The Canadian dollar has dropped to four-week lows, at 1.2500 levels as employment increases, lockdown restrictions eases, and business sentiment improves.
Canadian Dollar at Critical 1.2500 Levels
The Canadian dollar has dropped below the psychological level at 1.25. The multi-year low is at the 1.2363 level, reached on March 18, 2021. High oil prices and the weak US dollar have weakened the USD/CAD, pushing it to multi-year lows.
The area at 1.2475 has been tested several times. On the upside, the 1.2525 area will be a resistance level. If the support at the 1.2475 level breaks, the currency pair may swiftly lower to the 1.2400 marks. The USD/CAD currency pair has strong resistance at the 1.2620 regions and will act as a key level for forex investors to watch.

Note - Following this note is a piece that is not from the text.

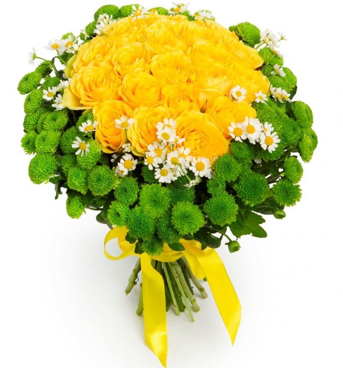 - Розы. Несмотря на то, что роза признана королевой цветов, в сочетании с хризантемой нужно быть очень аккуратными. Только правильно подобранные тона астроцветных могут придать букету особый шарм. Идеальное сочетание желтого и зеленого на фото ниже не делают композицию полной. А вот веселые ромашки дарят букету ноту завершенности. Это же касается и яркой алой розы, ее украсят белые, желтые хризантемы;

Canada depends on the price of oil to strengthen its economy. The bullish trend in oil has helped to improve the Canadian dollar. The Canadian dollar is also a commodity currency and is influenced by commodity prices on a global level. The reopening of the economy has improved business activity.
Employment Level Improves in Canada
Reports from Statistics Canada show that the unemployment rate has fallen to a low of 7.5% in March. 303,000 jobs have been added. In February 259,000 had been added, and the unemployment rate was 8.2%.
The food services and retail services were some sectors that were hard hit by the pandemic. Currently, these sectors show an increase in employment. Construction, accommodation, health care, and education are some areas that show steady gains. The young generation in the 15-24 age groups was the worst affected, as job losses were higher in this age group.
Employment has increased as Manufacturing PMI has gone up in March 2021 to 58.5 from 54.8 in February. It is the 9th consecutive month of expansion. Factory activity is picking up at the fastest pace in the history of Canada. New orders, employment, output, and purchases show a sharp surge as covid-19 restrictions are easing and have helped improve employment opportunities and lower the unemployment rate.
Effective Vaccination against the Covid-19 to Determine Canadian Dollar
Vaccination rollouts are improving economic conditions in Canada. Ontario and Quebec were some regions that were severely affected by the second and third wave of infections, and strict restrictions were imposed in these places.Â The arrivals of vaccines have given a boost to consumer demand, as conditions improve.
The Canadian dollar has stabilized at the 1.25 level. The fight against the coronavirus and its outcome will determine the direction of the USD/CAD currency pair.
Business Sentiment Helps Canadian Dollar
The Bank of Canada Business Outlook Survey (BOS) has reported good business sentiment for the first quarter of 2021. Companies are now returning to the pre-pandemic levels. With lower interest, consumer sentiment has improved, which has improved sales. However, uncertainty over future restrictions continues to dominate business sentiment.
Business optimism has increased in the first quarter of the year. An effective vaccination program against the covid-19 virus has helped to improve sentiment. Business investment has improved and BOC expects the future inflation level to remain within the 1% to 3% range.
Trade Surplus in Canada has narrowed in February to CAD$1.04 billion from CAD$1.21 in January 2021. Total exports have come down by 2.7% in February, after surging 8.2% in January. Total imports have decreased by 2.4% to CAD$48.8 billion in February.
Economic activity has grown at the fastest pace in six months, states the Ivey Purchasing Managers Index data (PMI). The index is above the 50 thresholds, indicating strong activity in the country for the first time in six months. Adjusted PMI increased to 63.1 from 55.7.
Bank of Canada Expectations on Canadian Dollar
The Bank of Canada meeting comes ahead next week. The central bank has been tapering its asset purchase, and it has kept the Canadian dollar move with a limited range. BOC Governor Tiff Macklem may not change interest rates in the foreseeable future, say experts.
Quantitative easing has helped the economy recover after the Covid pandemic. Experts say that negative interest rates should not be introduced even if there was further turbulence in the economy.
Currently, interest rates are at a record low of 0.25% since March 2020. If lowered further, it may weaken the Loonie, which will increase the cost of imported goods.
US Dollar Index
The USD index is at the critical support at 91.50. The US Treasury bond yield has slipped to a one-month low, which has pulled the USD/CAD currency pair lower. Investors expect the fed to keep interest rates at near-zero levels. Treasury yields have put pressure on the US dollar. If the Yield continues to move lower, the US dollar may come under further pressure. The US dollar has closed at the monthly low at the psychological level at 91.50 levels for the weekend.
The CAD/JPY is trading within a range. It closed just below the psychological level at 87.00 for the weekend. A break above this level may push the currency pair towards the 88.00 regions. However, a move below will push it towards another support at 86.00.